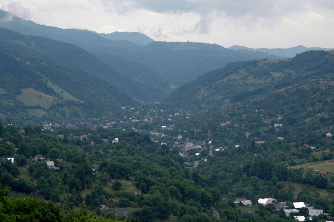 Panoramic view of Kosivska Polyana
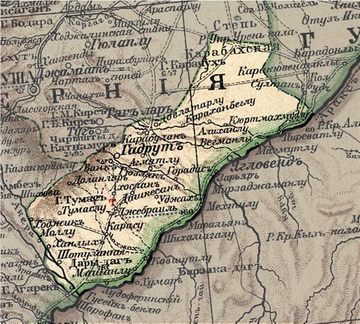 Uyezd of Jabrayil in Yelizavetpol gubernia
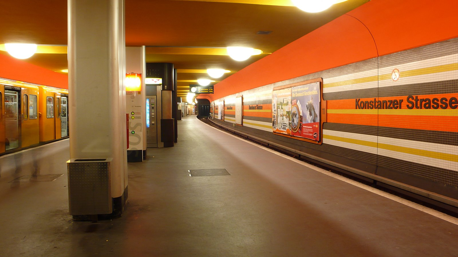 Konstanzerstrasse subway station berlin
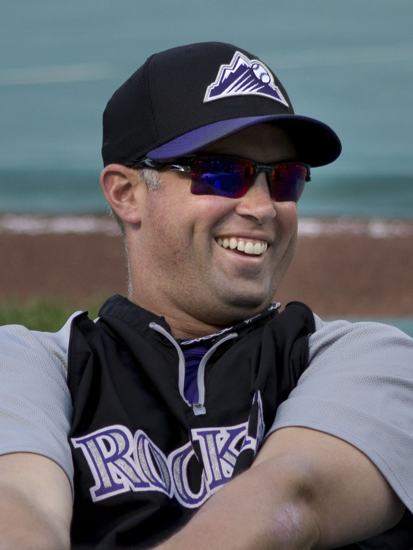 Colorado Rockies at Baltimore Orioles August 17, 2013
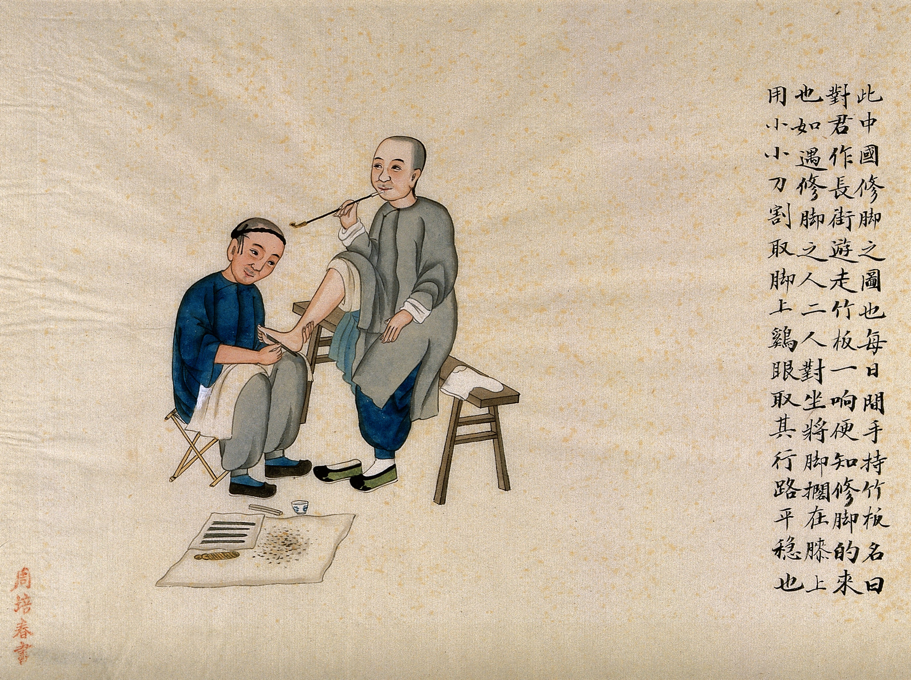 CHINESE MEDICINE: Foot massage. Iconographic Collections Keywords: foot massage; CHINESE MEDICINE
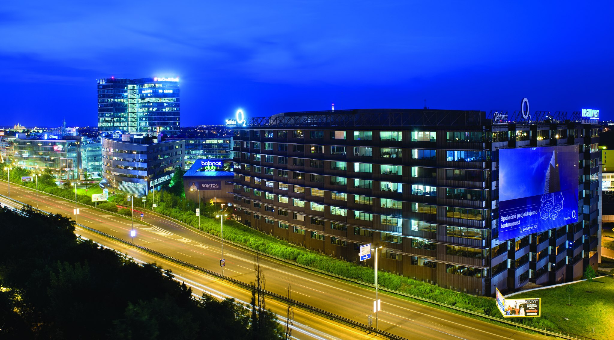 BB Centrum Business District in Prague
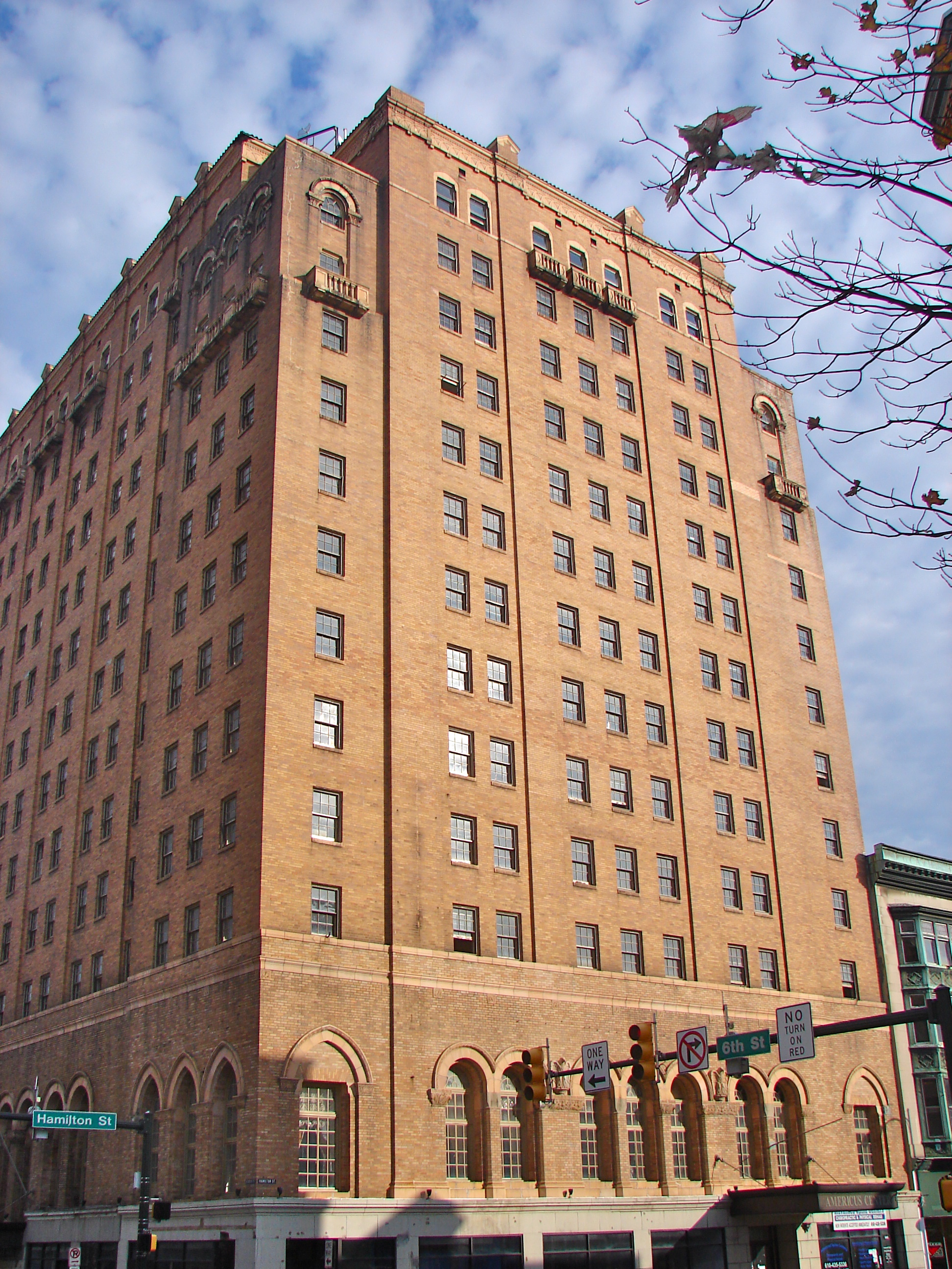 Americus Hotel on the NRHP since August 23, 1984. At 541 Hamilton Street, Allentown, Pennsylvania
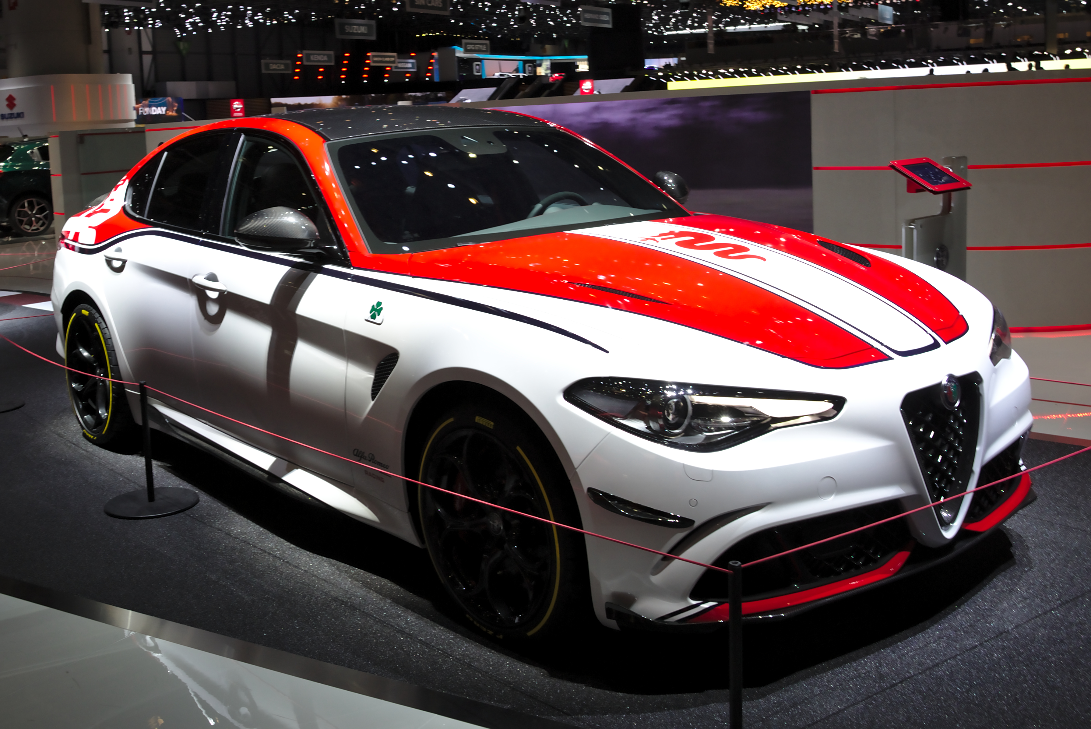 Alfa Romeo Giulia Racing at Geneva Motor Show 2019

What you have to do
Reproduce the records, all of them, word for word; omit the pictures.

Problem solution
 Panoramic view of Kosivska Polyana
 Uyezd of Jabrayil in Yelizavetpol gubernia
 Konstanzerstrasse subway station berlin
 Colorado Rockies at Baltimore Orioles August 17, 2013
 CHINESE MEDICINE: Foot massage. Iconographic Collections Keywords: foot massage; CHINESE MEDICINE
 BB Centrum Business District in Prague
 Americus Hotel on the NRHP since August 23, 1984. At 541 Hamilton Street, Allentown, Pennsylvania
 Alfa Romeo Giulia Racing at Geneva Motor Show 2019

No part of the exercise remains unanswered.